**Your task**
Would you restate all of the entries verbatim, minus any images?

BEGIN

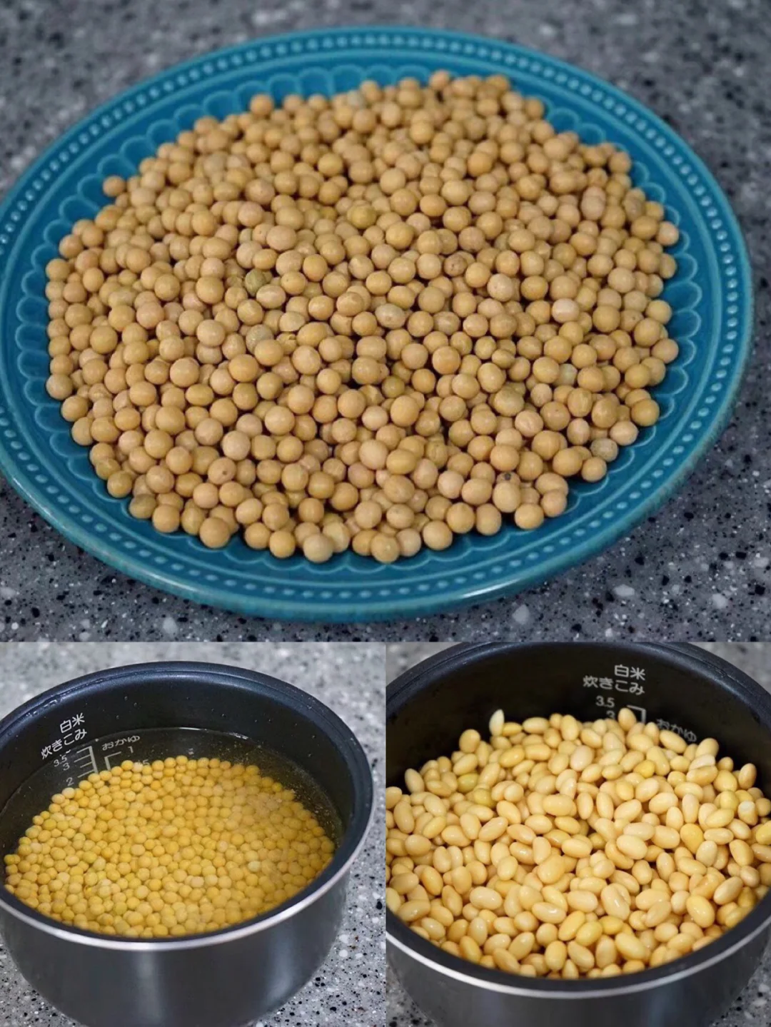 2.清洗干净以后吧睡觉前用水泡上,记住一定要用大一点的容器,豆子泡一下会发胀 然后你们懂得水就会不够了,水一定要多放一点
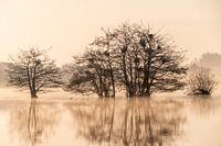 Een groep aalscholvers in een aantal bomen welke bijna onder water staan. Een welkome goedemorgen met mist boven het water en zonsopgang. In de linker boom wordt een jonge aalscholver door een van zijn ouders gevoed.
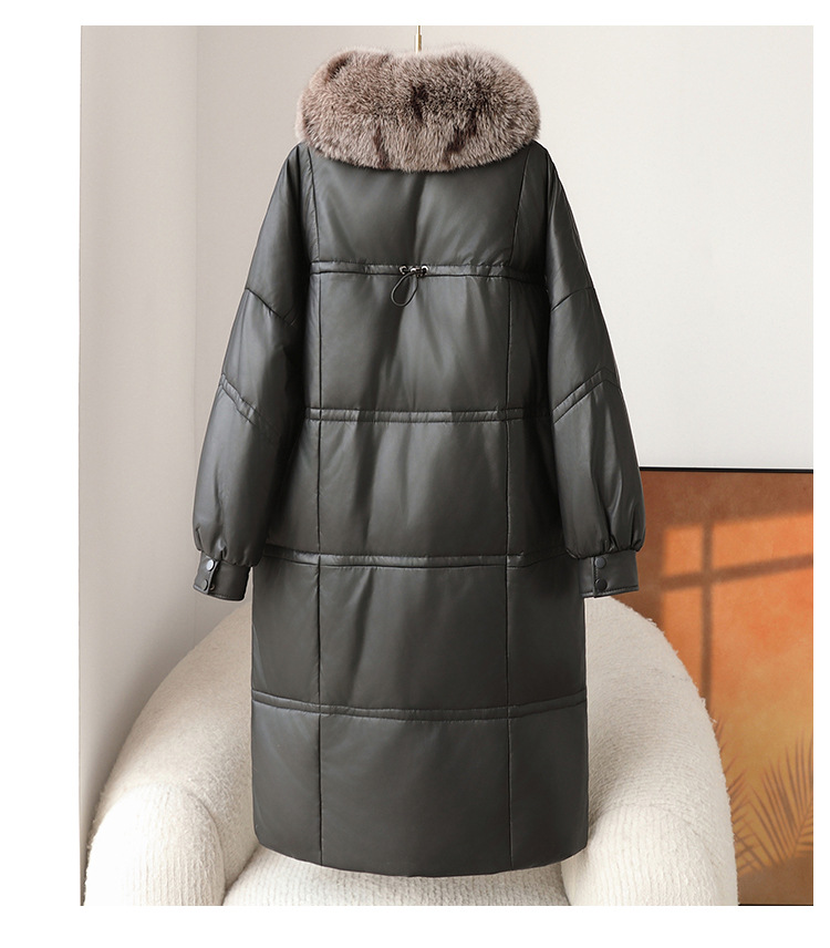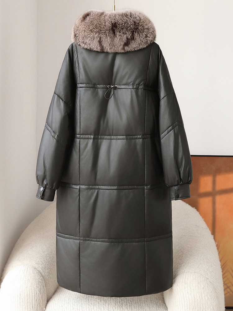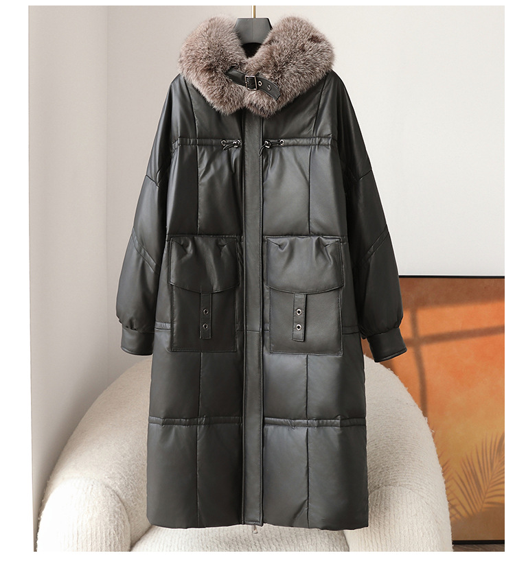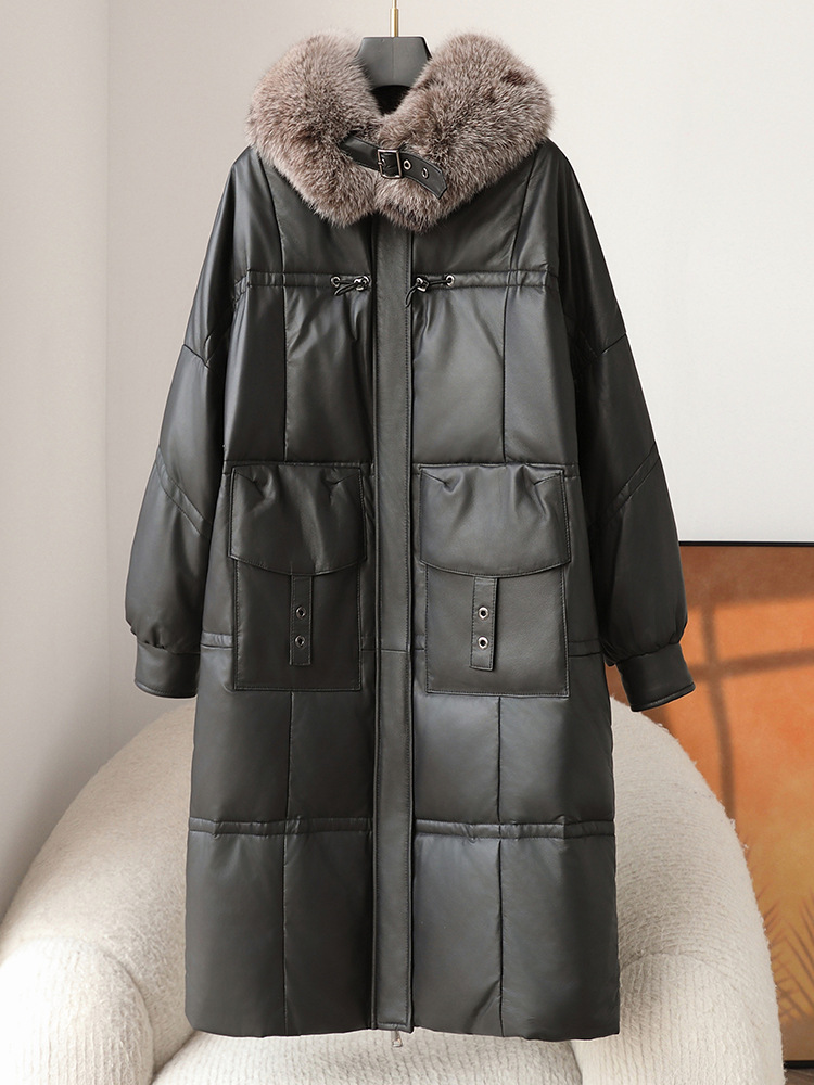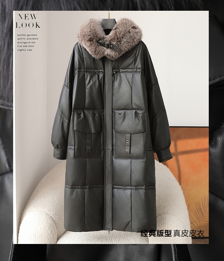 진짜 가죽 양가죽 다운 재킷 여성용 긴 구스 다운 두꺼운 따뜻한 폭스 모피 칼라 느슨한 모피 재킷
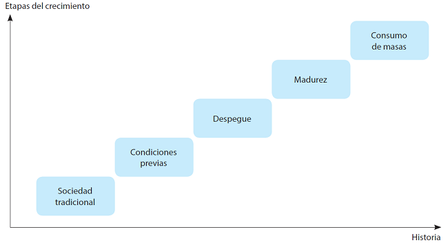 En la figura 1 se muestra el modelo de Rostow, donde queda claro lo anteriormente postulado.
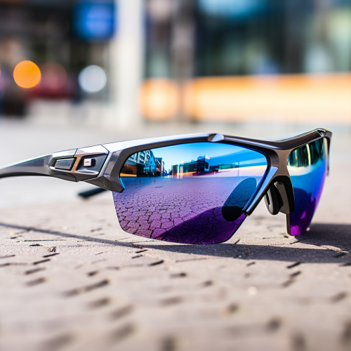 a hybrid pair of sunglasses, a mix between athletic running sunglasses and lifestyle sunglasses, product photo, mirrored lens
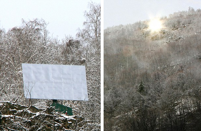 Ωστόσο αυτό θα αλλάξει καθώς εδώ και λίγες εβδομάδες, με τη βοήθεια ελικοπτέρων, τοποθετήθηκαν στη βουνοπλαγιά τρεις τεράστιοι καθρέφτες, περίπου 450 μέτρα πάνω από την πόλη.
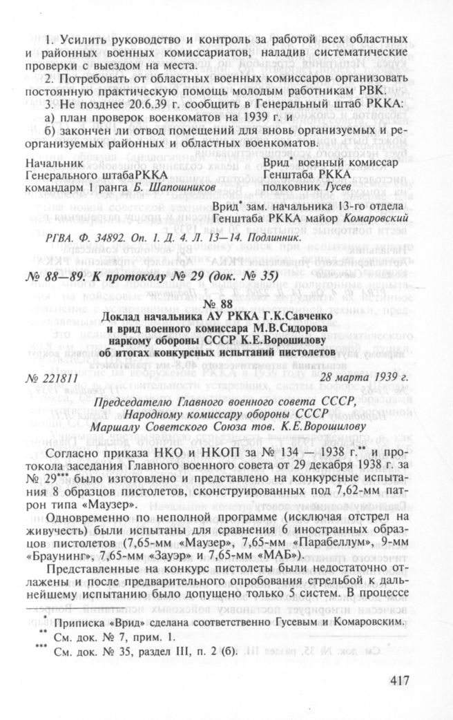 Доклад начальника АУ РККА Г.К.Савченко и врио военного комиссара М.В.Сидорова наркому обороны СССР К.Е.Ворошилову об итогах конкурсных испытаний пистолетов. 28 марта 1939 г.
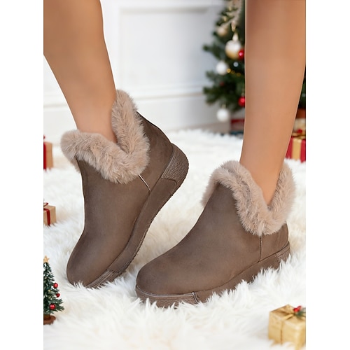 stivali da neve invernali caldi da donna con fodera in pelliccia sintetica e cerniera laterale, stivaletti antiscivolo impermeabili per l'uso all'aperto
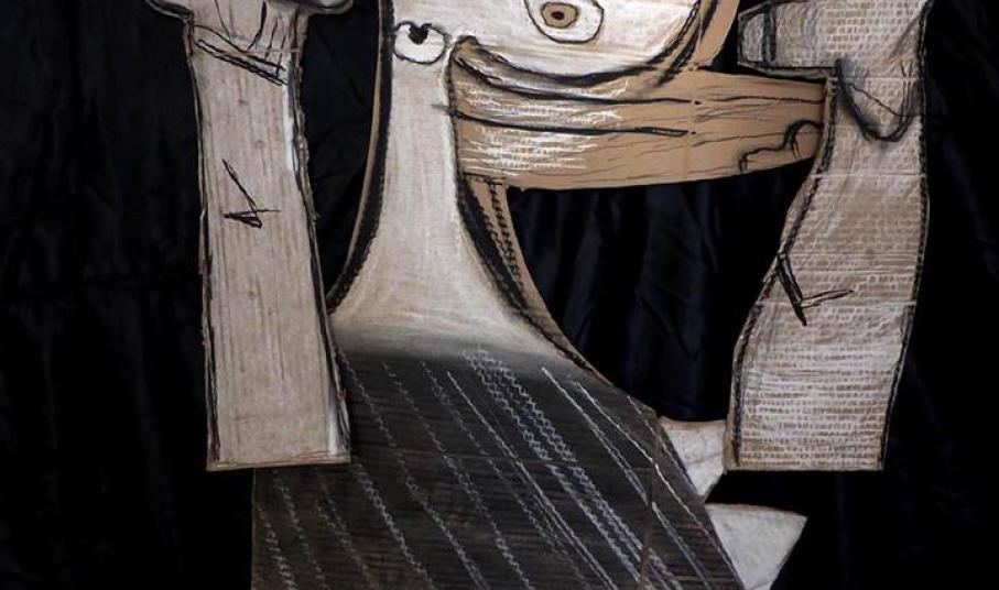 Χρησιμοποιώντας χαρτόκουτα, κιμωλίες και κάρβουνα και εμπνεόμενοι από το πνεύμα του θεάτρου μαριονέτας και σκιών, τα παιδιά υπό την καθοδήγηση της καθηγήτριας Εικαστικών, Ολυμπιάδας Κελαϊδή αναπαράστησαν τα διαχρονικά μηνύματα της απανθρωπιάς, της βιαιότητας και της απόγνωσης του πολέμου.
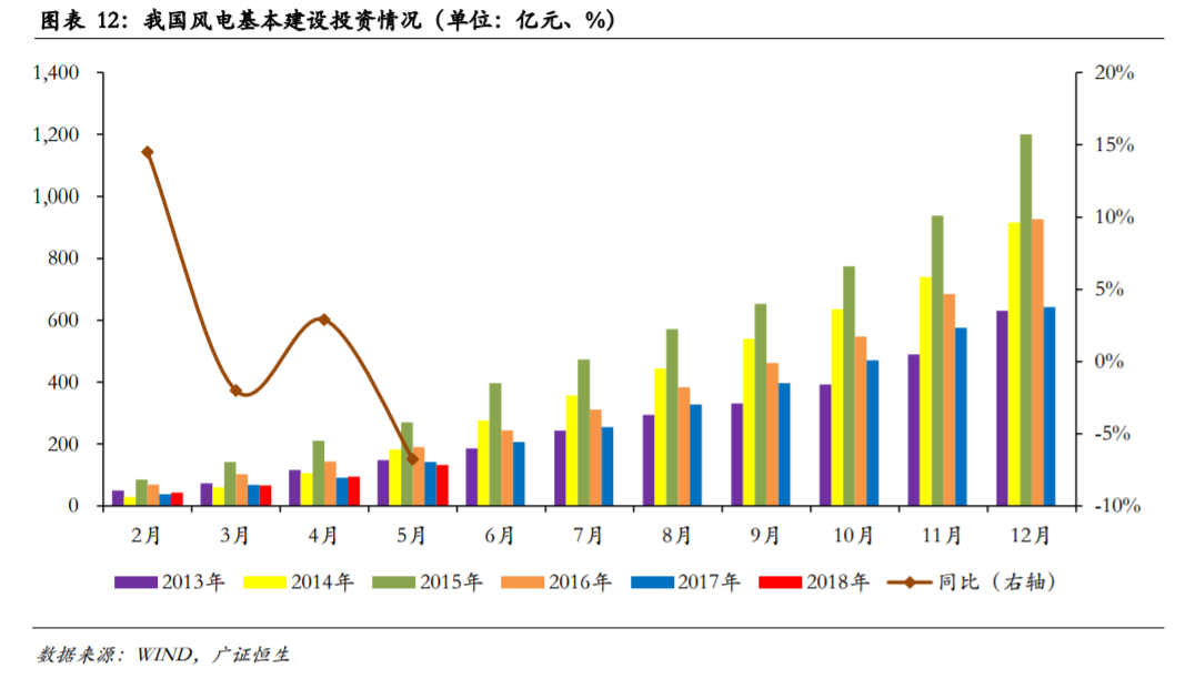 2018 年,我國每月風電基本建設(shè)投資額同比增幅呈波動下降趨勢,5 月風電基本建設(shè)投資額同比下降 6.78%。5 月“競價”政策出臺使風電行業(yè)承壓,我們認為,6 月在持續(xù)受到政策影響的條件下,6 月風電基本建設(shè)投資相較于 5 月在總量上可能會有所增加,但同比增幅可能依然為負。
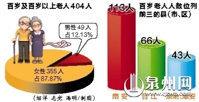南安、晋江的百岁老人人数居全市前两位,泉港、惠安并列第三 。全市百岁老人地区分布情况具体为:鲤城区19人(男性3人,女性16人);丰泽区12人(均为女性);洛江区4人(男性1人,女性3人);泉港区43人(男性8人,女性35人);石狮市16人(男性2人,女性14人);晋江市66人(男性10人,女性56人);南安市113人(男性8人,女性105人);惠安县43人(男性5人,女性38人);安溪县38人(男性4人,女性34人);永春县25人(男性3人,女性22人);德化县8人(男性3人,女性5人);泉州台商投资区17人(男性2人,女性15人)。百岁老人人数最多的乡(镇、街道)为南安水头镇,共有12人。
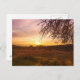 Autumn lavender field on sunset postcard
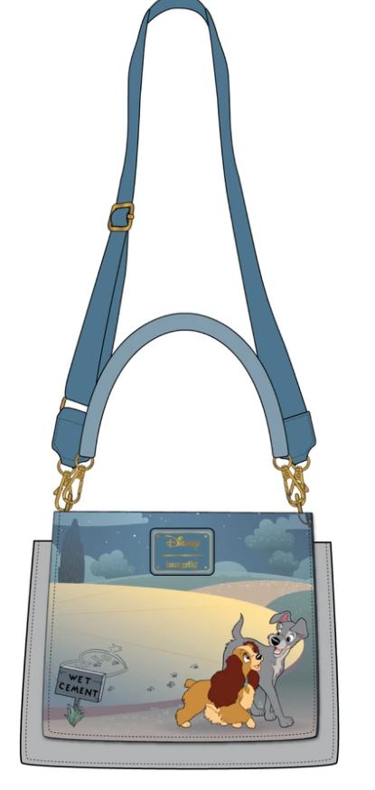 Who doesn’t love the iconic wet cement scene where Lady and the Tramp leave their paw prints? The Lady and the Tramp Wet Cement Crossbody features the infamous JM + EB initials framed by a gold heart (Bonus Disney trivia points if you know what the initials stand for!) with Lady and the Tramp on either side. The back of the bag depicts both dogs walking away from the heart initials with a sign saying, “Wet Cement.”

END

**Reply to the task**
 2.清洗干净以后吧睡觉前用水泡上,记住一定要用大一点的容器,豆子泡一下会发胀 然后你们懂得水就会不够了,水一定要多放一点
 Een groep aalscholvers in een aantal bomen welke bijna onder water staan. Een welkome goedemorgen met mist boven het water en zonsopgang. In de linker boom wordt een jonge aalscholver door een van zijn ouders gevoed.
 진짜 가죽 양가죽 다운 재킷 여성용 긴 구스 다운 두꺼운 따뜻한 폭스 모피 칼라 느슨한 모피 재킷
 En la figura 1 se muestra el modelo de Rostow, donde queda claro lo anteriormente postulado.
 a hybrid pair of sunglasses, a mix between athletic running sunglasses and lifestyle sunglasses, product photo, mirrored lens
 Ωστόσο αυτό θα αλλάξει καθώς εδώ και λίγες εβδομάδες, με τη βοήθεια ελικοπτέρων, τοποθετήθηκαν στη βουνοπλαγιά τρεις τεράστιοι καθρέφτες, περίπου 450 μέτρα πάνω από την πόλη.
 Доклад начальника АУ РККА Г.К.Савченко и врио военного комиссара М.В.Сидорова наркому обороны СССР К.Е.Ворошилову об итогах конкурсных испытаний пистолетов. 28 марта 1939 г.
 stivali da neve invernali caldi da donna con fodera in pelliccia sintetica e cerniera laterale, stivaletti antiscivolo impermeabili per l'uso all'aperto
 Χρησιμοποιώντας χαρτόκουτα, κιμωλίες και κάρβουνα και εμπνεόμενοι από το πνεύμα του θεάτρου μαριονέτας και σκιών, τα παιδιά υπό την καθοδήγηση της καθηγήτριας Εικαστικών, Ολυμπιάδας Κελαϊδή αναπαράστησαν τα διαχρονικά μηνύματα της απανθρωπιάς, της βιαιότητας και της απόγνωσης του πολέμου.
 2018 年,我國每月風電基本建設(shè)投資額同比增幅呈波動下降趨勢,5 月風電基本建設(shè)投資額同比下降 6.78%。5 月“競價”政策出臺使風電行業(yè)承壓,我們認為,6 月在持續(xù)受到政策影響的條件下,6 月風電基本建設(shè)投資相較于 5 月在總量上可能會有所增加,但同比增幅可能依然為負。
南安、晋江的百岁老人人数居全市前两位,泉港、惠安并列第三 。全市百岁老人地区分布情况具体为:鲤城区19人(男性3人,女性16人);丰泽区12人(均为女性);洛江区4人(男性1人,女性3人);泉港区43人(男性8人,女性35人);石狮市16人(男性2人,女性14人);晋江市66人(男性10人,女性56人);南安市113人(男性8人,女性105人);惠安县43人(男性5人,女性38人);安溪县38人(男性4人,女性34人);永春县25人(男性3人,女性22人);德化县8人(男性3人,女性5人);泉州台商投资区17人(男性2人,女性15人)。百岁老人人数最多的乡(镇、街道)为南安水头镇,共有12人。
 Autumn lavender field on sunset postcard
 Who doesn’t love the iconic wet cement scene where Lady and the Tramp leave their paw prints? The Lady and the Tramp Wet Cement Crossbody features the infamous JM + EB initials framed by a gold heart (Bonus Disney trivia points if you know what the initials stand for!) with Lady and the Tramp on either side. The back of the bag depicts both dogs walking away from the heart initials with a sign saying, “Wet Cement.”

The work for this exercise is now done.